Every company has a story to be told. Some stories are driven by hardship, while others are driven by a lucky break. Some companies were formed on the backbone of years of diligent planning and research, while other spurred from a spontaneous decision of a soon-to-be-founder to quit their job and dive head-first into following their passion. 

Nonetheless, the idea behind the formation of the company or 'the story' is often what customers and potential employees gravitate to when building brand loyalty. 

Additionally, many corporate giants like Apple and Microsoft also use personal branding as another way to tell their companies' stories (for instance, it is impossible to think of Tesla without immediately picturing Elon Musk). Personal branding allows the consumer and potential employees to better understand the 'why' of a company, how they differ among competitors and what they can uniquely offer for the consumer and employees. 

Furthermore, a company's story and personal branding can help align potential talent with the company's values. Potential talent who are in search of a new job want to know how their future employer matches up against their competitors. For example CEO of Gravity Payment, Dan Price became famous overnight because he took a little over a million-dollar pay cut, in order to pay his employees $70,000 a year. 

With employee retention more crucial than ever, now is the time to utilize every tool in your arsenal to connect with future employees and inspire them with a concise brand story. Here's how you can use your company's origin story to inspire future employees and build lasting employee retention. 

Start with the 'Spark'

No matter how long ago it was, you never truly forget the moment you had the 'ah-ha' idea that kickstarted your business. 

When telling your brand story to prospective employees, start at the very beginning with the moment you knew this idea could be something big. There's a reason why folks love the thought of Steve Jobs having a fascination with computers and tinkering with the machines in his garage -- people connect with stories that remind them of their own experiences. 

Whether you are solving a world-wide problem, building a better mouse trap, or finally taking the plunge to get into business for yourself, always start with your lightbulb moment. 

Be Transparent 

Transparency is key when it comes to fostering and building relationships of all types. This is certainly true with prospective talent, who can often smell overly polished corporate lingo (the kind you find on almost everyone's 'about us' website pages) from a thousand yards away. 
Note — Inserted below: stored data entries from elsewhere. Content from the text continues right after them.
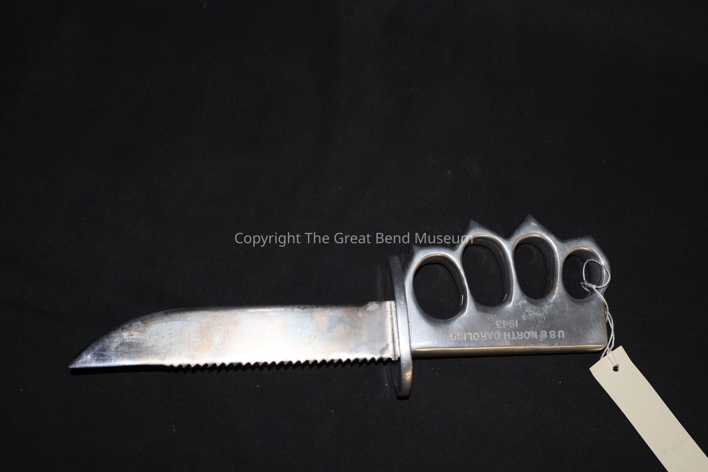 Knife was made from a broken power saw blade - stainless steel with serrated edge, shiny, clean. Handle is made from solid piece of aluminum with carved holes for all 4 fingers. Very smooth and polished. Handmade case tooled from leather with dog tags attached in the front with blue and white wire. End of case is squared braided leather tassel. Handle stamped USS North Carolina 1943. Knife was made from broken hacksaw blade and stock aluminum and carried on the battleship USS North Carolina during WW2 by W. A. Watkins. Was on Jesse's Run and grew up on Cavin Fork(?).
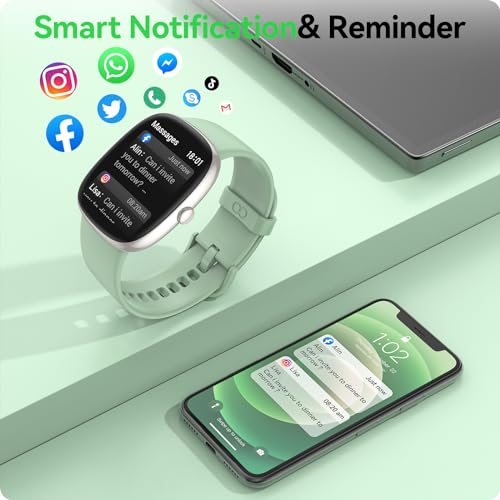 ⌚1.69″ Large HD Color Touchscreen: Featuring a 1.69-inch HD display with a resolution of 240*284, the fitness tracker provides perfect color saturation and smooth operation. With its slim design weighing only 1.3 ounces and an improved sweat-resistant liquid silicone strap, You’ll wear the digital watch all day long and enjoy ordinary comfort.
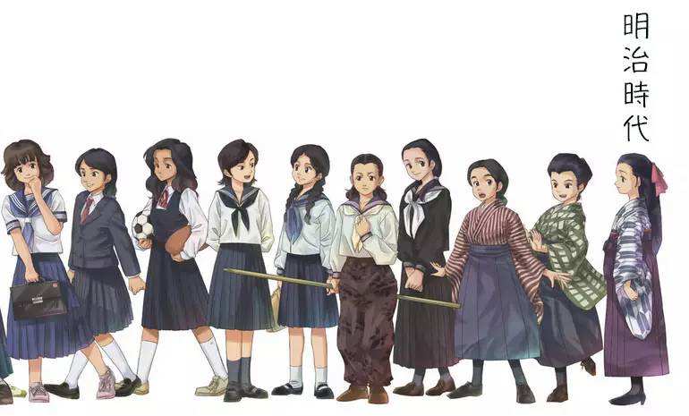 而日本的中小学女生上身是西服,下身是短裙,没有长裤,并且年龄越大裙子越短。小学女生的短裙长度会过膝,而到了中学,短裙长度则在膝盖之上。
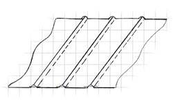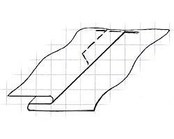| Односторонняя | В простой отделочной односторонней складке сгибы ткани направлены в одну сторону на лицевой стороне и в другую сторону на изнаночной стороне детали. Припуск ткани при раскрое равен удвоенной глубине складки. (Если в готовом виде складка 3 см, то припуск равен 6 см). | | ||||
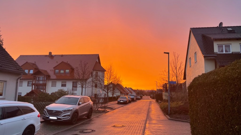 Ich habe noch ein kleines Picknick gemacht und dann sind wir zurück nach Hause gegangen. Und da war dann der Abendhimmel ganz wunderschön dunkelorangebunt. Wegen dem Sonnenuntergang. Und die Bella mag doch den Sonnenuntergang so sehr.
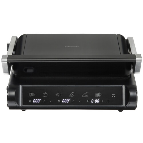 Гриль Reoka RKG-D223 оснащен двумя комплектами съемных нагревательных панелей размером 33.4х23.8 см: для жарки продуктов и венских вафель. Благодаря антипригарному покрытию не требуется добавления масла и упрощается очистка. В модели реализована автоматическая настройка степени прожарки. Температура нагрева каждой панели регулируется независимо друг от друга в диапазоне от 90 °C до 230 °C. Это позволяет готовить стейки и другие продукты с разной степенью прожарки. Функция пресса на основе прижимной пластины предусматривает изменение давления верхней пластины.

When telling your brand's origin story, try to stay candid and don't gloss over the parts that may seem a bit messy. By discussing your successes as well as your shortcomings, you are automatically building trust between both parties. Being open about your company's journey can also highlight your current company culture, and subtly show how future employees can expect to be treated when challenges arise. 

Lead With Passion 

Remember that feeling you had when you first started your business and everything was bright, shiny and new? When every meeting was exhilarating and every new idea dramatically shaped the direction of the company? 

While the day-to-day of running your business might have dampened this initial spark of passion (though we certainly hope not), it's so important to be able to share the original excitement you felt on day one with anyone who is thinking of joining your company. 

Practice your origin story like you would practice an elevator pitch. Keep it concise, convey your passion and your why and, when in doubt, choose radical honesty.